Lots of things. For starters, the name of the Act is a lot longer: It’s the “Dodd-Frank Wall Street Reform and Consumer Protection Act.” Its aim is to promote financial stability through a host of new regulations and regulatory agencies, bring greater accountability to Wall Street, end bailouts, amend the Federal Reserve Act, and do other things that affect the symbiotic relationship between Wall Street and Washington.
That was the much-publicized part of the Act.
But now that the details are getting out there, we know that, like all things that come out ofWashington, the impact will be felt in local communities, especially among community banks.
Among other things, Title XIV of the Act amends the federal Truth in Lending Act, which applies to all banks. In my opinion, the biggest change for local banks is found in Section 129 of the Act, which requires a residential mortgage lender to make a reasonable, good faith determination, based on verified and documented information, that a borrower can repay his or her loan and all applicable taxes and insurance, as well as any other loans secured by the same house (unless the lender doesn’t know about the other loans, which would be rare, due to the customary use of mortgage title insurance).
Any responsible lender, of course, always first determines that a consumer can repay a loan, but previously, the bank’s penalty for making a mistake in such a determination was limited to the obvious: a bad loan on the books and related losses (plus, if it had sold the mortgage loan to Freddie Mac or Fannie Mae, the agency might try to make the bank reimburse it for its losses). Now, the bank could be exposed to civil damages and attorney fees if it makes such a mistake.
There are, however, various exceptions to this new obligation. The biggest exception: qualified mortgages. If a bank makes a “qualified mortgage” loan, then it doesn’t have to meet the Section 129 requirement to make a good faith determination that a borrower can repay.
So what is a “qualified mortgage”?
It’s a term defined by the statute. It basically means a conventional mortgage that meets a slew of requirements. Among other things, in order to be a “qualified mortgage,” the loan:
*cannot allow deferral of principal payments,
*cannot result in negative amortization,
*cannot have a balloon payment,
*must be based on verified and documented income and asset information,
*must be underwritten based on fully-amortizing payments,
*cannot have points and fees that exceed 3% of the loan amount,
*cannot have a term that exceeds 30 years,
*and, if subject to an adjustable interest rate, must be underwritten at the maximum rate permissible during the first five years of the loan.
That’s a lot to follow, but I wouldn’t be surprised if lenders start fashioning all their mortgage loans in a way that would make them “qualified mortgages.” To the extent they vary a mortgage loan in a way that takes it outside of the “qualified mortgage safe harbor,” they’re taking a big risk.
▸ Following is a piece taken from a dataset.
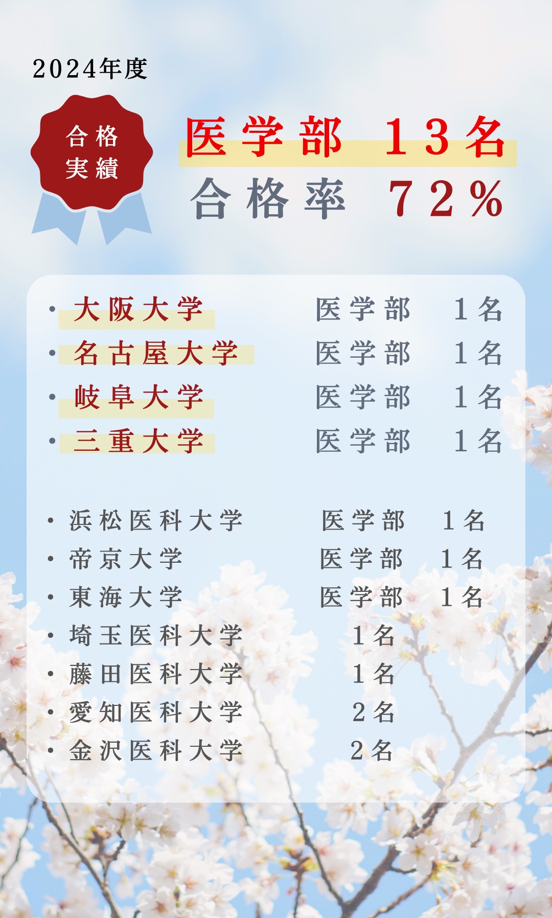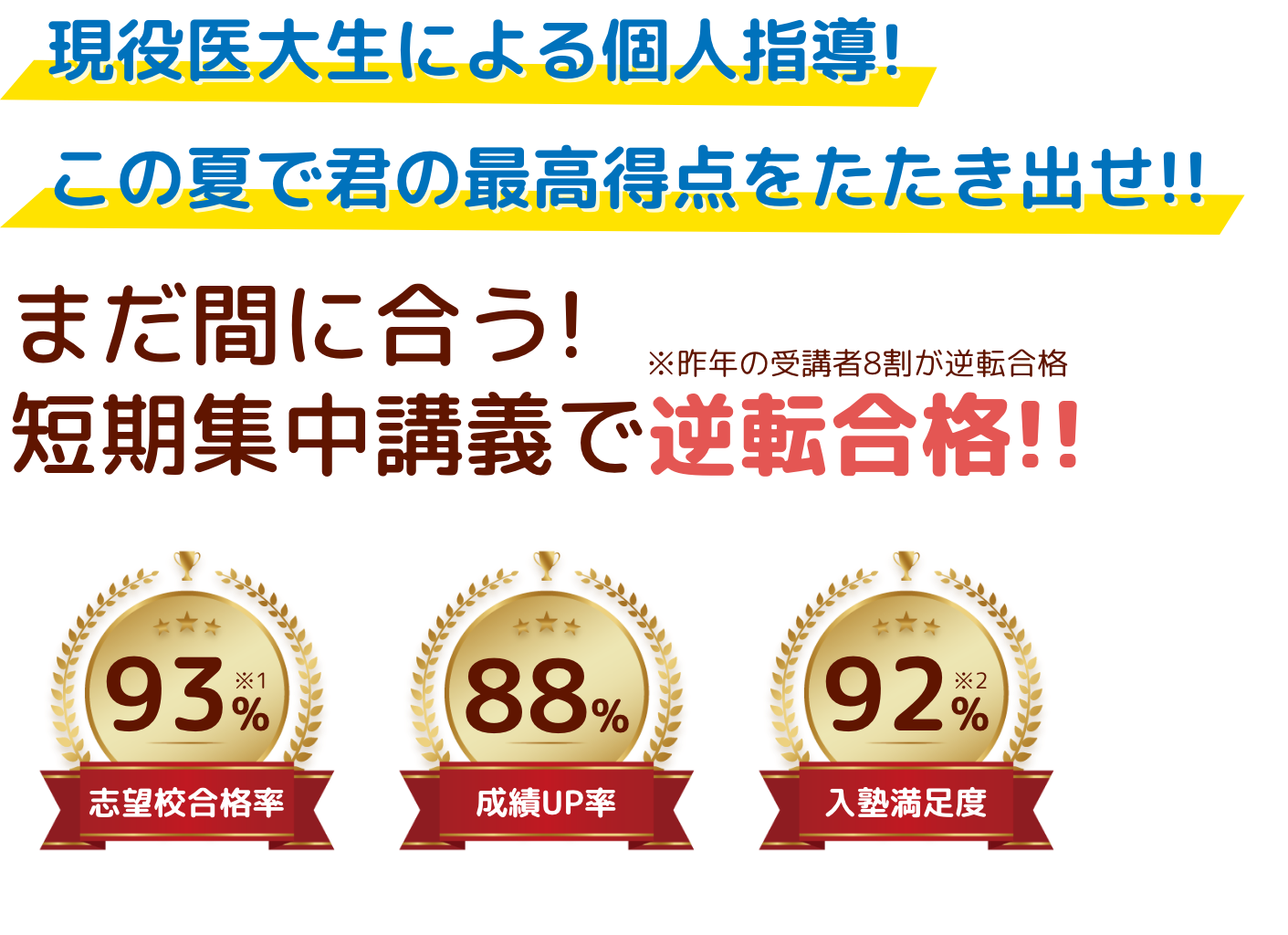 もちろんです。医大生の勉強計画に沿って授業を受けていただければ間に合います。昨年も、入塾時にD判定やE判定の生徒さんが国大や医学部に合格されています。
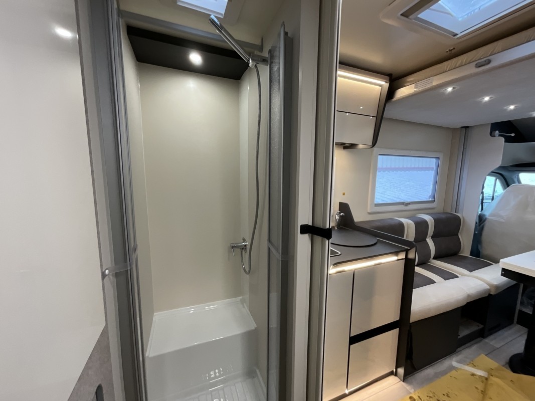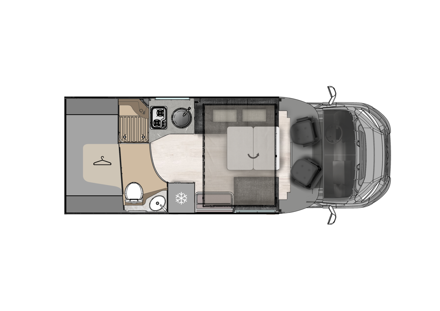 Versatilidad para 4 personas, con cama de pavillón + dinette convertible, baño trasero y gran armario.

The result is that community banks are being pressured into a “one-size-fits-all” approach. That’s frustrating. Most community banks made responsible loans during the aughts (and to the extent they didn’t, it was often because Washington pressured them into reducing their lending standards — which is an entirely different story and beyond the scope of this piece). Yet they’re all being punished and pushed into the “qualified mortgage” approach. If they don’t use qualified mortgages, they’re opening themselves up to claims (including invalid claims brought by unscrupulous lawyers).
And on top of all that, Congress implemented a further unique twist: If a lender make a non-qualified mortgage and fails to properly make and document the determination that a borrower can repay, the borrower may assert a claim for violation the Act at any time the lender commences foreclosure. Many mortgages continue for 30 years, so there’s a chance a claim for violating Section 129 could live for thirty years. This effectively creates a 30-year statute of limitation.
That, to the best of my knowledge, is unprecedented, and it creates a minefield of future liability for your community bank.
Strange times create strange laws.
And the Beltway rarely limits its aim to its claimed target.